On the other hand, when Anna Karenina threw herself under the train, she was ending her story the only way it could have ended. She’d lost her identity as a wife, mother, and society matron, and believed she was in the process of losing the only thing left to her – Vronsky. Her death was self-inflicted rather than author-inflicted because it was the only remaining choice she had.
Then there’s Graham Greene’s The Power and the Glory. If you haven’t read the book since high school, it’s the story of a nameless “whiskey priest” trying to get away from anti-clerical persecution in a province in Mexico. The priest is a miserable failure of a man, cowardly, alcoholic, and the father of an illegitimate child. He eventually escapes across the border, but in the end overcomes his cowardice to return to hear a confession. The confession turns out to be a trap, and he is captured and executed.
The whiskey priest’s death arises from the interplay between the internal and external tensions in his life. He’s fighting against his own failures as much as against his persecutors, and that internal struggle for dignity is the more important of the two. When he reclaims his self-respect through his death, readers can still walk away satisfied. The priest dies, but he wins through dying.
Just as murder doesn’t work, maiming or stunting a character is story-damaging brutality. Have you ruined a promising character by failing to give your protagonist realistic flaws? Have you cut off a character’s natural need to grow and change by the end of the story? Granted, a lot of successful adventure novels manage to end with the hero no wiser for having saved the world. But the most satisfying stories end with characters who are fully grown and developed.
In the end, my client decided not to kill his main character, even though it would have given him a chance to comment on the society she lived in – which may be why his reader suggested it. But it wouldn’t have done anything for her as a character or wrapped up her story in any way. It would have been murder.

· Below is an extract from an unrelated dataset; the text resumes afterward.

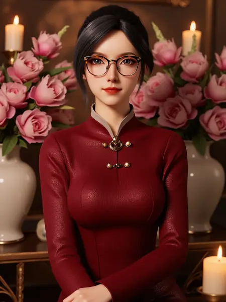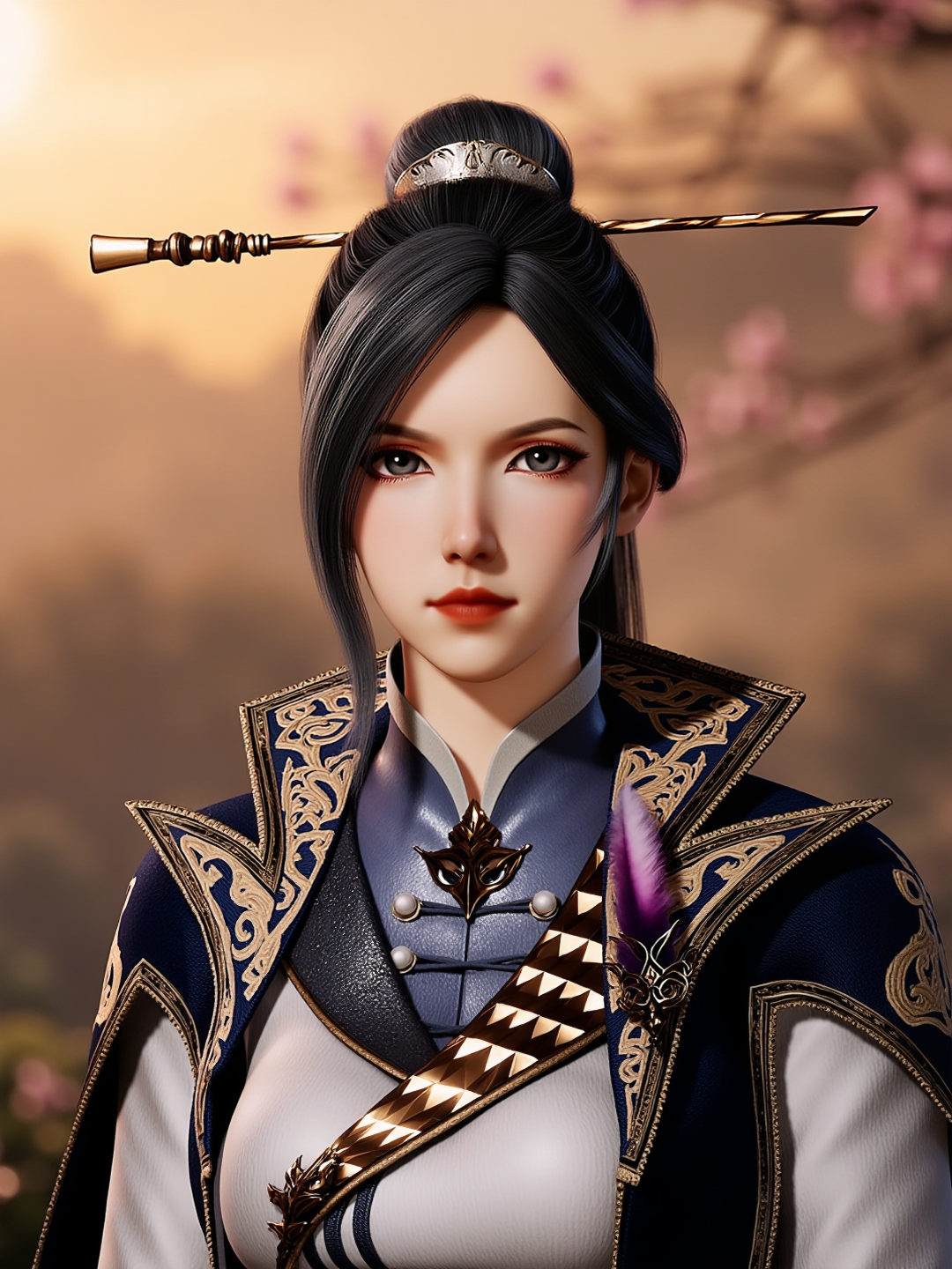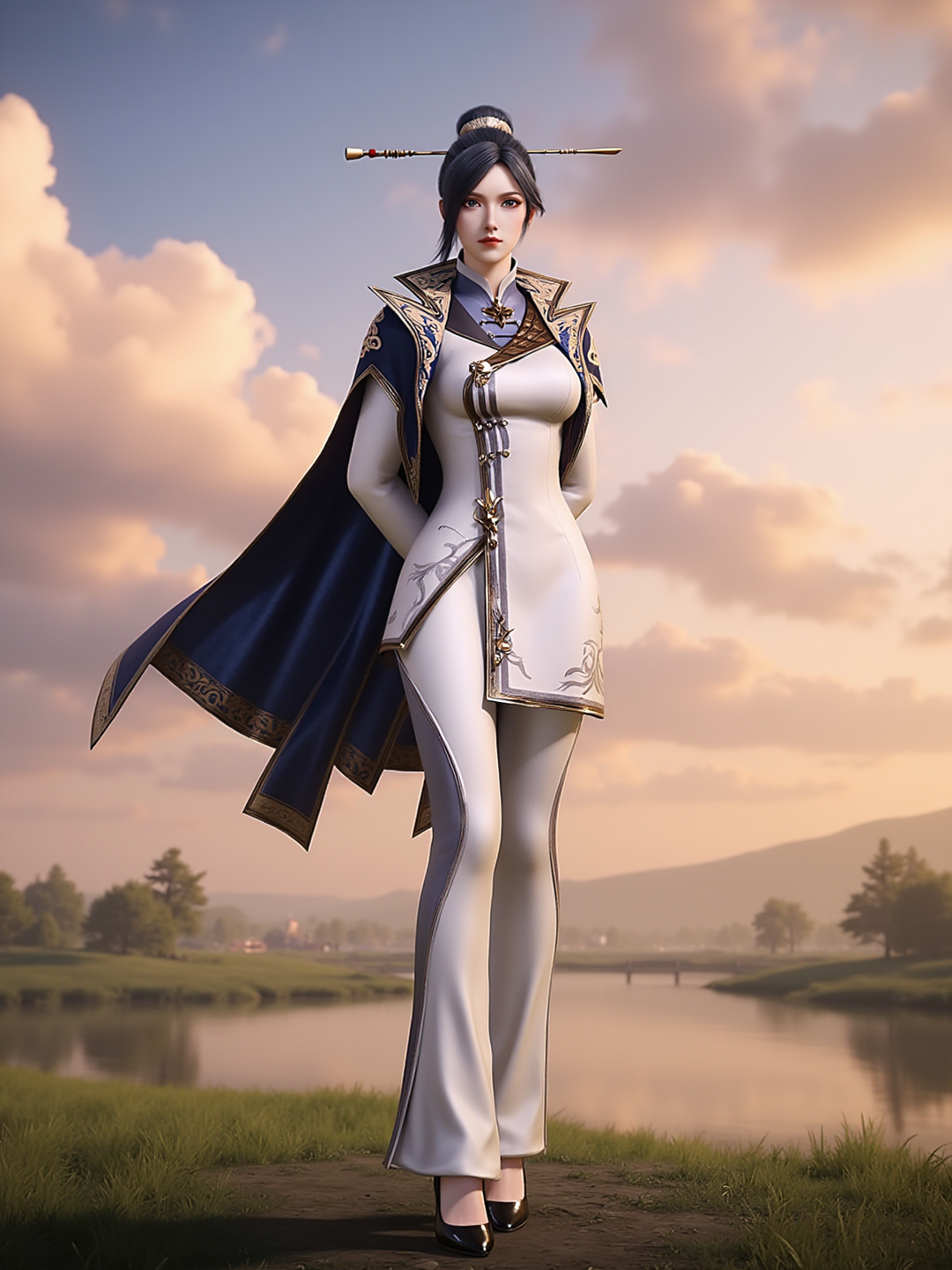 - 服装:高领、中式服装、蓝色斗篷、白色长裤

Have you read a novel in which the main character died? How did you react to that death? What do you think about killing off your protagonist in general?

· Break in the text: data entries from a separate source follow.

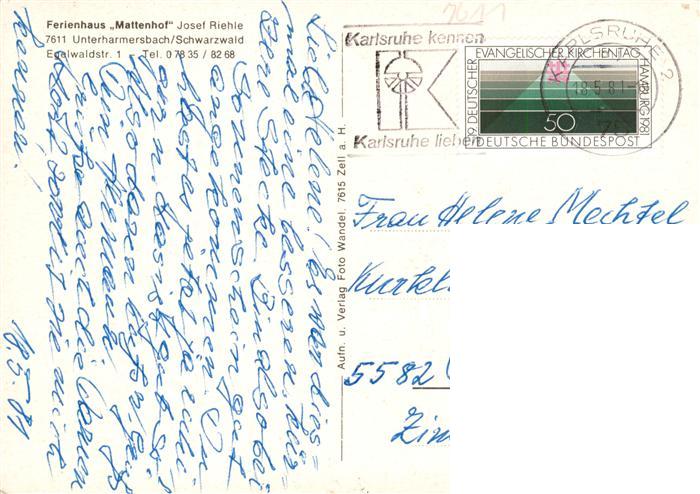73927984 alte Postkarte Unterharmersbach Ferienhaus Mattenhof postalisch gelaufen Erhaltung siehe scans [FriedD77] KatCode: 11110008317146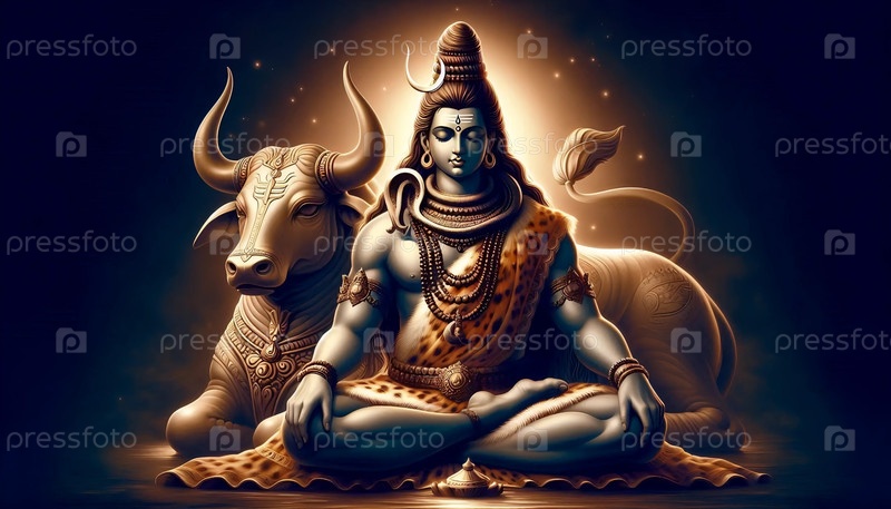 Господь Шива со священным быком Нанди, Ai generated image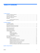 Table of contents 1 Product Features Standard Configuration Features ......................................................................................................... 1 Front Panel Components ..................................................................................................................... 2 Media Card Reader Components ......................................................................................................... 3 Rear Panel Components ................................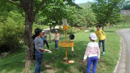 いいお天気です。芝生の緑が美しいです。山の家の澄んだ空気の上を気持ちよく滑るように,ディスクが飛び交います。…川へ…崖下へ…屋根の上へ…。簡単そうに見えて,実はなかなか難しい!だから,1度やったらやみつきになるのですね。子どもたちは,励まし合い,競い合いながら,楽しく活動していました♪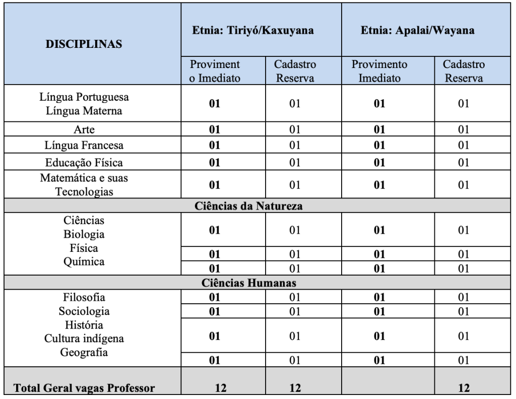 Vagas Concurso Educação Indígena Região Tumucumaque – 24 escolas.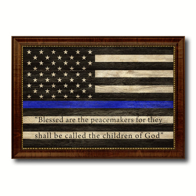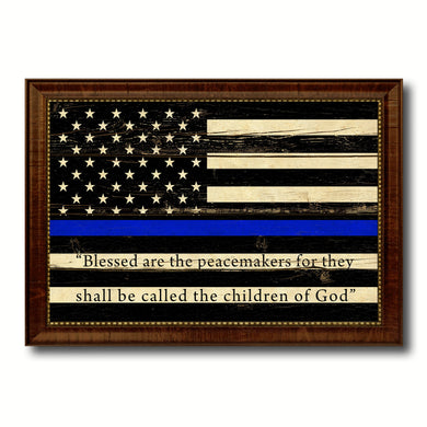 Law Enforcement Thin Blue Line Flag With Mathew 5:9 USA Flag Vintage Canvas Print with Brown Picture Frame Gifts Ideas Home Decor Wall Art Decoration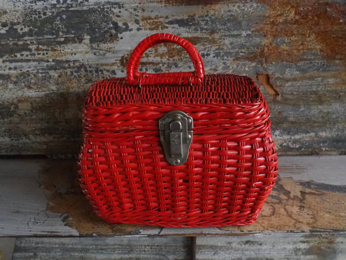 - 【フランス蚤の市赤いピクニックバスケット】本革ワイヤー古道具レザー真鍮鋲パニエ弁当アンティーク道具箱シャビー籠インテリア収納ケース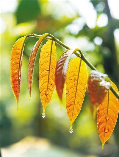 从空中俯瞰热带雨林,可以看到茫茫绿海中点缀着簇簇红色,在阳光中闪耀。那并不是红花,而是红色的树叶。在季节性热带雨林,老叶脱落、新叶萌生时,这些红色的树叶在绿海映衬中非常醒目。

What about killing off a secondary character in order to reflect the realism of the situation the characters are in? Is that more palatable to readers?
The death that sticks with me most is the death of Matthew in Anne of Green Gables. Heartbreaking, and yet I loved Matthew even more after his death.
There is nothing more powerful than killing off a secondary character to add an element of realism to the story. We’ve seen such an act change a silly adventure book into a more engaging story. Though, don’t do it too often, because then your readers will come to expect it.
It is easier to kill off a secondary character, as long as that character is dying in the service of the story. You’re right that, when your protagonist is in a dangerous situation, having someone he or she knows die is a good way to show this.
The real trick is killing off the character the story is about and still ending the story well. Not necessarily happily, but well.
The original ending to my WIP was exactly what you’ve described–an author murder–because I had (very) loosely based my plot on actually events, though I had changed the plot enough so that the death no longer made sense. Everyone who read it hated the ending, including my cousin who said she threw the manuscript across the living room floor. Eventually my stubborn blindness gave way, and my heroine lives mostly happily ever after.
It is surprising how easy this is to do. I’m glad you spotted it in time.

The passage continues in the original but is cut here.